And then finally, when the workflow finishes, the library will checkpoint the workflows output. And because the workflows input and every step is checkpointed, if something ever fails or breaks or crashes, the library can look up the checkpoint to recover each workflow from its last completed step.

So let's start implementing this library together in JavaScript. And it's simple enough that we can fit most of the code, at least a simplified version of the code right here on these slides. So let's start with the first method. Well, we'll look at three methods. And the first one is run workflow. And this method is going to take a JavaScript function, the workflow, and its arguments, and run this function as a durable workflow, checkpointing it and its steps so they can be safely recovered. And I know this block of code might look scary, but we're going to go through it line by line to see exactly what it does.

So the first step in running a workflow is generating a globally unique ID for the workflow that can be used to reference it. Then we're going to checkpoint the workflows, we're going to checkpoint the workflows inputs. So we're going to write our records the database with this workflows ID, its inputs and the pending status. So we now have a record saying that this workflow has started with these inputs and this unique ID. And we can use that record later to recover the workflow if anything breaks. Now that we've, you know, durably persisted a record saying that the workflow started, we can now actually run the workflow function.

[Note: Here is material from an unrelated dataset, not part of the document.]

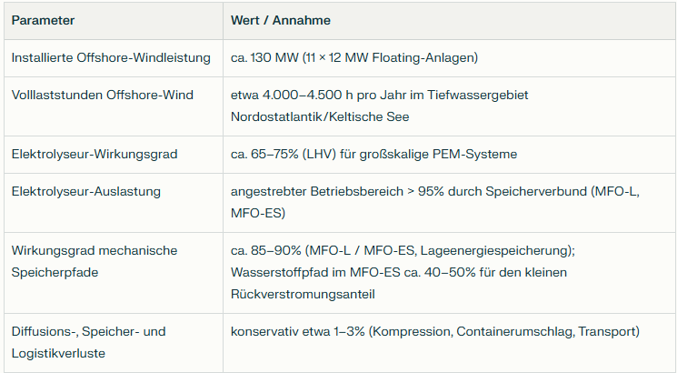 Daraus abgeleiteter Gesamtwirkungsgrad der Kette Wind → H₂ am Übergabepunkt (inkl. Elektrolyse, Kompression, Speicherpfade und Transportverluste): konservativ im Bereich von etwa 50–60%.

So the workflow function, just an ordinary JavaScript function, we're going to call it with its original arguments.

And you checkpoint its outputs. Of course, we don't just want to have checkpoints at the beginning and at the end. We want to have some in the middle too. So the next function we have to implement is run step. And this will checkpoint every step in a workflow so that we can checkpoint every step the workflow takes. And if something breaks, you'll recover from the last complicated step. So the first thing you do, this is run step. It takes in a step, which can be any JavaScript function and the steps arguments, and it durability runs and checkpoints the step. So the first thing you do in run step is you retrieve the workflows context. So you retrieve the ID of the workflow and the ID of the step, which is just an index into the number of steps this workflow is running.

5. Workflow Step Retrieval and Recovery

Short description:

To run a step, retrieve workflow and step IDs, check for existing checkpoints, execute the step function, and write the output. Implement a workflow recovery function to recover failed workflows using checkpoints. Get pending workflows, retrieve checkpointed inputs, and rerun workflows through run workflow to resume execution.

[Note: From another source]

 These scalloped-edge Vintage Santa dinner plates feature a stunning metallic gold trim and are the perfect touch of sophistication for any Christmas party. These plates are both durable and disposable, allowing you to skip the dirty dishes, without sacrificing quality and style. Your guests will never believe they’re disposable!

So the first thing you do in run step is you retrieve the workflows context. So you retrieve the ID of the workflow and the ID of the step, which is just an index into the number of steps this workflow is running. So you retrieve workflow ID and step ID from context, which might be from a context argument you're passing around or from a local storage. Then after you have your workflow ID and step ID, next, you check if a checkpoint already exists for the step because maybe you're recovering from a failure and the step already ran and we want to retrieve a checkpointed output instead of re-running it. So we go look up in the database, whether a checkpoint exists for this workflow ID and step ID. And if one does, we'll return that checkpoint directly instead of re-executing the workflow. If there's no step, if there's no checkpoint, then we'll just directly execute the step function, calling it on its original arguments and getting its output. And then we'll write this output to the database.

So to sum it all up, when you want to run a step, you're going to first check of a checkpoint that already exists for the step. If one does, return a checkpoint directly, otherwise run the step and check what is the outcome. So now we're actually almost done implementing our little library. The last step, the last thing we need is a way to recover workflows that have previously failed. Using these checkpoints, we just spent so much time building. So here's what our workflow recovery function looks like. And again, pretty simple. This function is going to run every time a program with our library starts up.

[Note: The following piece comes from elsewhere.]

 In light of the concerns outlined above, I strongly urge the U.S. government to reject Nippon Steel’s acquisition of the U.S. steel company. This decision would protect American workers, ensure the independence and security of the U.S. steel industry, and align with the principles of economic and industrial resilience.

The first thing it'll do is it'll get a list of all pending workflows, all workflows that started but didn't finish. These are workflows presumably that failed and we're going to go recover them. We then iterate through each one of these failed workflows and forge these workflows. We're going to retrieve its checkpointed input. Remember how we checkpointed earlier? And we're going to look up the actual workflow function from an in-memory map that we created when each workflow was registered. Now that we have the workflow's unique ID, its arguments and the function itself, we're just going to call run workflow, through which we did earlier on the workflow function, the unique ID and the arguments. And run workflow, we'll just run the workflow again from the beginning.

6. Durable Workflow Recovery and Checkpoints

Short description:

Recovery through checkpointing, workflow execution, and recovery process with durable workflows. Example of a JavaScript workflow for a checkout service and the importance of checkpoints in maintaining workflow integrity.

And run workflow, we'll just run the workflow again from the beginning. But each time the workflow gets to a step, it'll see that the step has already been checkpointed. And instead of re-executing the step, it will return the step's checkpointed output. And by doing this over and over again, the workflow will eventually recover, it'll eventually get to the first step that doesn't have a checkpoint and resume normal execution from that point. So in other words, our workflow will recover from the last completed step by following this procedure. Great.

So now we can see roughly what our library looks like. One last thing I want to show you is a diagrammatic process of what this library might do when applied to a real application. So we're going to look at an example of a workflow. So a checkout service, a simplified checkout service of the sort that might be, that you might run when you click the buy button on a website. So this workflow would be implemented as a JavaScript function. And each of these steps like create order, reserve inventory, process payment, would also be JavaScript functions. So when we run this workflow, we call run workflow.

The first thing we do is checkpoint the inputs. So we'll write a record to the database containing the workflow inputs, the unique ID, and mark the workflow with a pending status. Then once we've written that checkpoint, we can start actually executing the workflow. So we create an order, we reserve inventory, we process payment, and after each step, we checkpoint the steps outcome. Then let's say something breaks. We have just processed payment, and suddenly our server fails. And our process isn't running anymore. Normally, that would be pretty bad because our customers paid for something, and they're expecting to get their order fulfilled, but we don't know that because our process just crashed.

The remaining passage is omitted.